Теперь — слушайте. Мы подошли к самой сути: я знаю, друзья мои, полсотни, а то и всю сотню замечательных историй, которые расскажу вам. Притом совсем бескорыстно. Ничего мне от вас не нужно, только чтоб вы их запомнили и складно передали пану канонику. Понимаете? За каждую вы мне должны будете курицу либо монету, на которую можно курицу купить.
— Что ты, что ты! — воскликнули приятели. — Ишь чего выдумал, дурная голова! Нешто Космас такие деньги нам платит? Мы будем отдавать тебе всякий раз четвертую долю того, что получим.
На том и порешили.
— А когда мои истории кончатся, — сказал в заключение монах, — я попрошу какого-нибудь еврея, который умеет рассказывать о пророчице Сивилле, и о восточных государях, и о тысяче таких вещей, про которые в наших краях ничего не знают.
Окончив беседу, старики и монах повернулись к тому, кто находился при последнем издыхании. Длинная, зверообразная голова его покоилась на монаховом плащике. Он лежал неподвижно, но веки у него дрожали под прикосновением какого-то невидимого перста.

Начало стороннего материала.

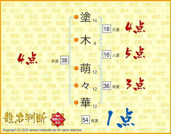 塗木萌々華さんの天運は18画の4点!
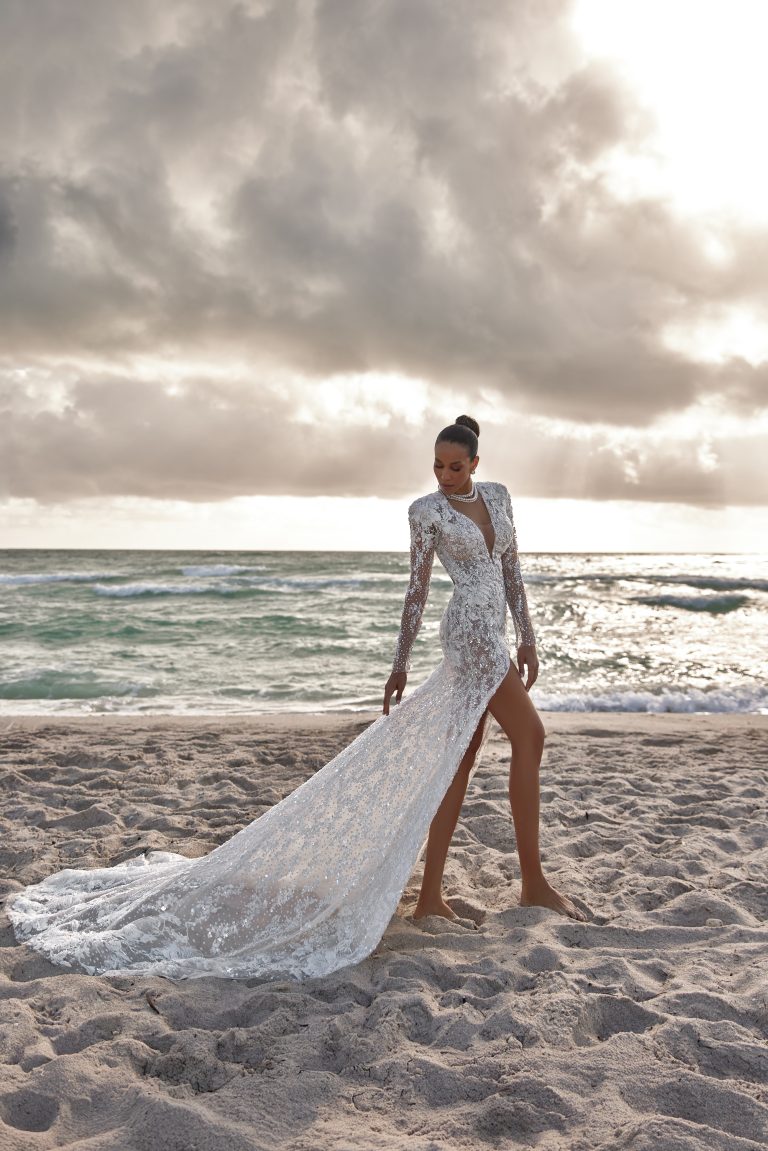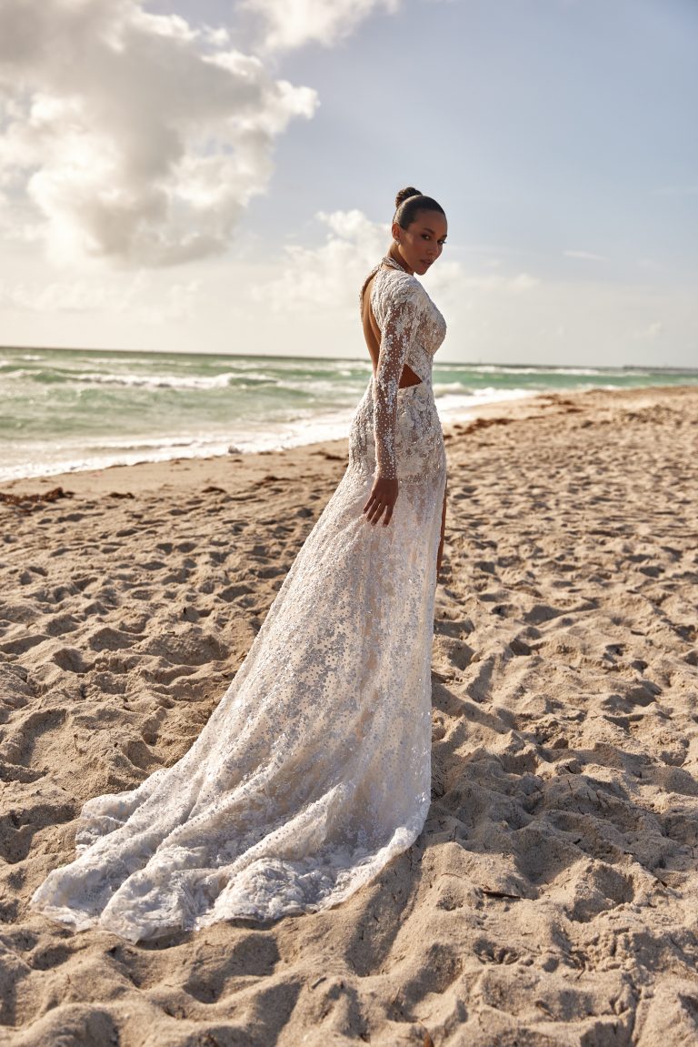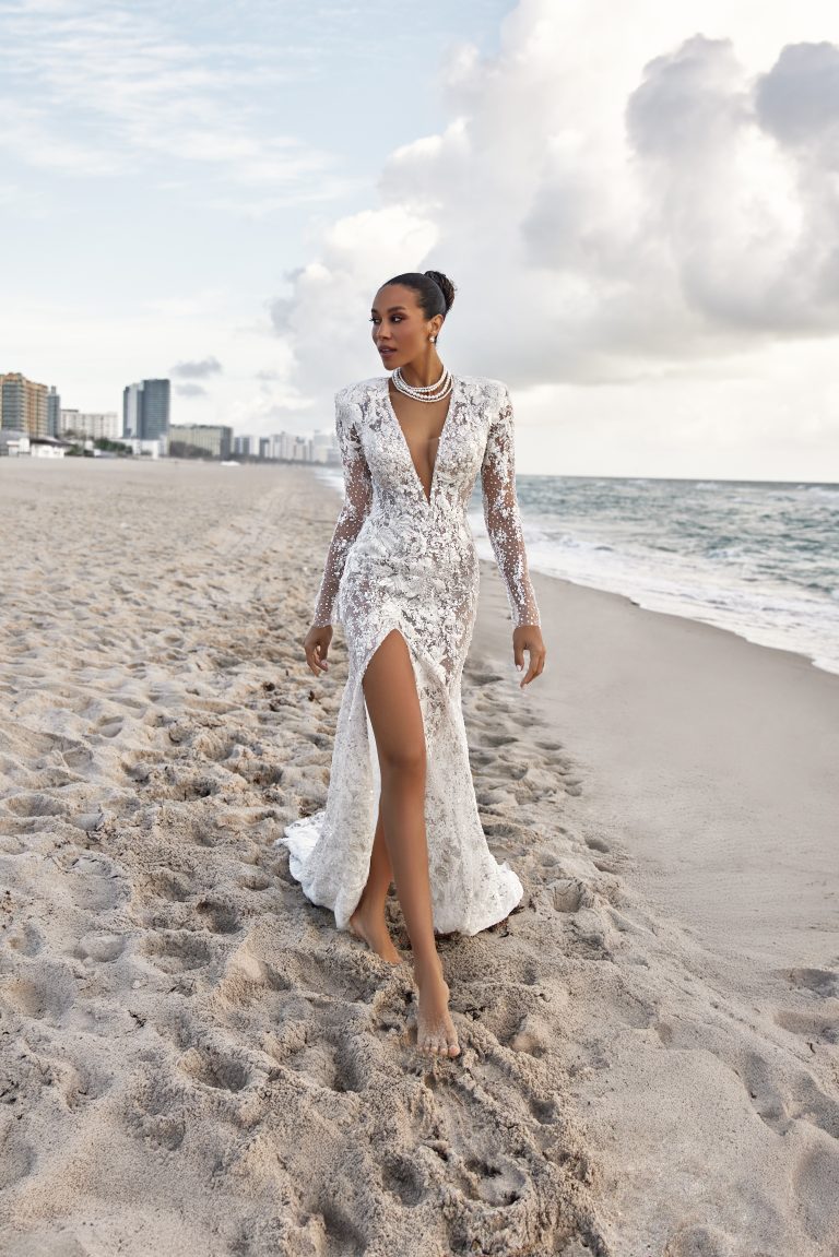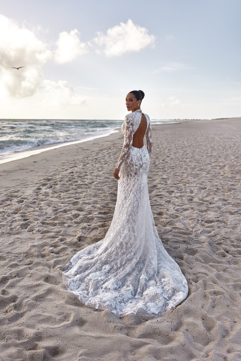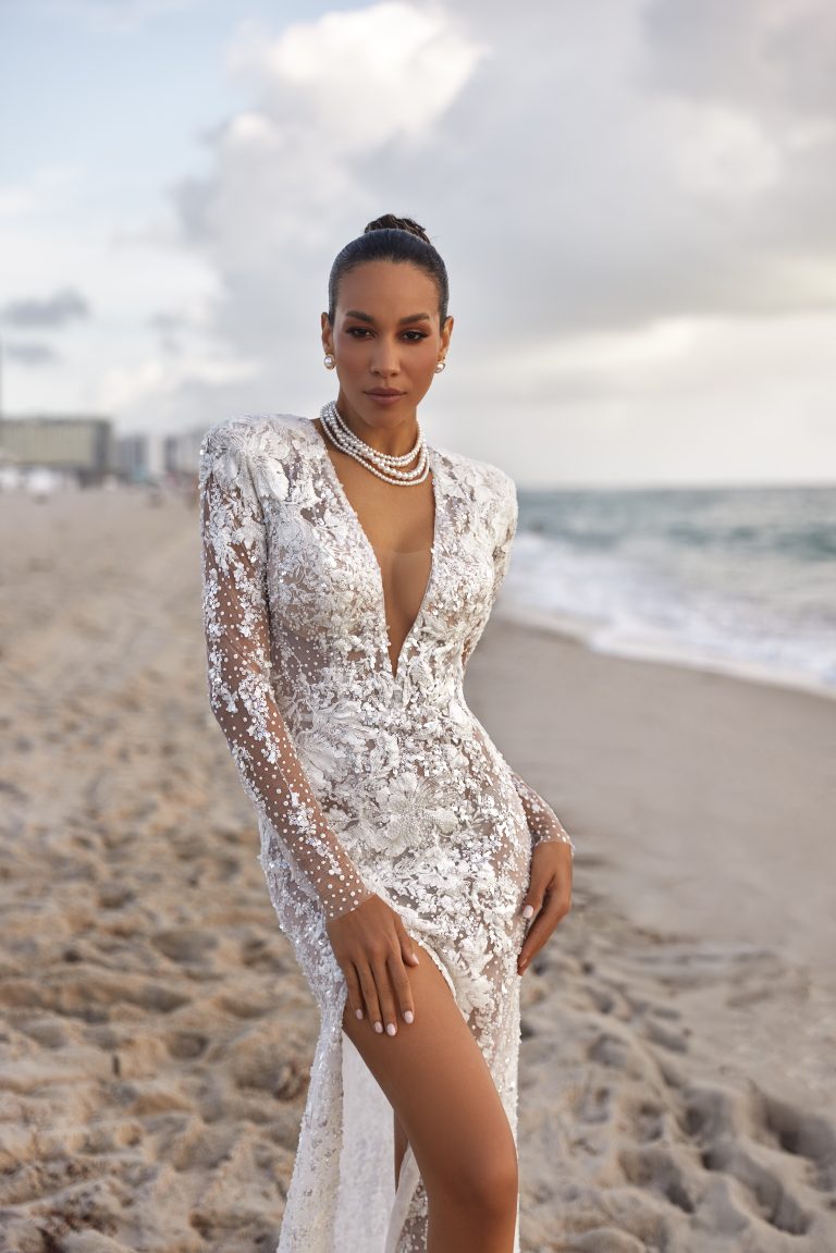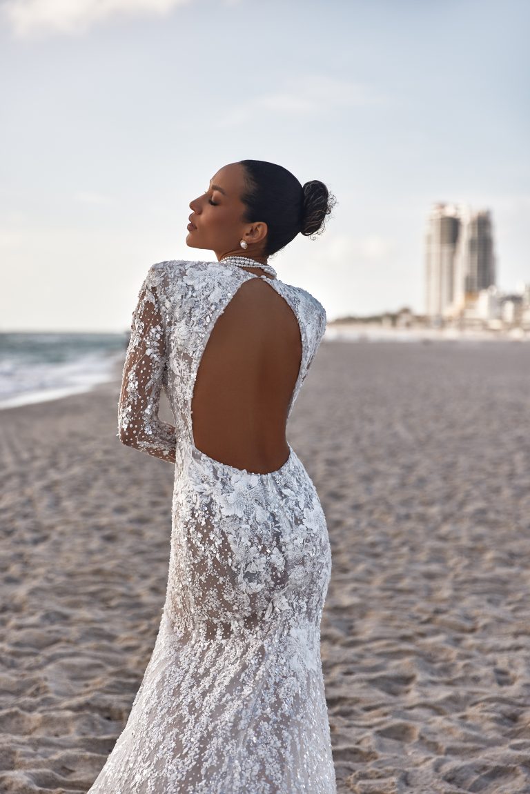 Eliana è l’incarnazione della sensualità sofisticata. Le spalle scolpite, l’audace spacco e il pizzo luminoso si fondono in un design che sprigiona potere e femminilità. Il corpetto velato, impreziosito da ricami scintillanti, avvolge la pelle in un bagliore radioso, mentre lo scollo sulla schiena dona carattere ed eleganza. Perfetto per la sposa decisa e magnetica, Eliana è un abito da sposa che lascia un ricordo indelebile a ogni passo.

— Это, — промолвил монах, указывая на лицо старика, — дрожь, вызываемая светом, исходящим от Небесного Престола. Горе душе грешной! Горе сей почернелой голубице! Вижу ее оперенье, мокрое от росы, вижу клювик ее, загрязненный какой-то скверной, вижу единственное белое место на ней — то, на которое упала вода святого крещения. Ах, если б эта крещеная душа, опустившись на райское древо, села так, чтоб свет упал на белое пятнышко! Если б небесное сияние позволило Христу не видеть самых черных перьев!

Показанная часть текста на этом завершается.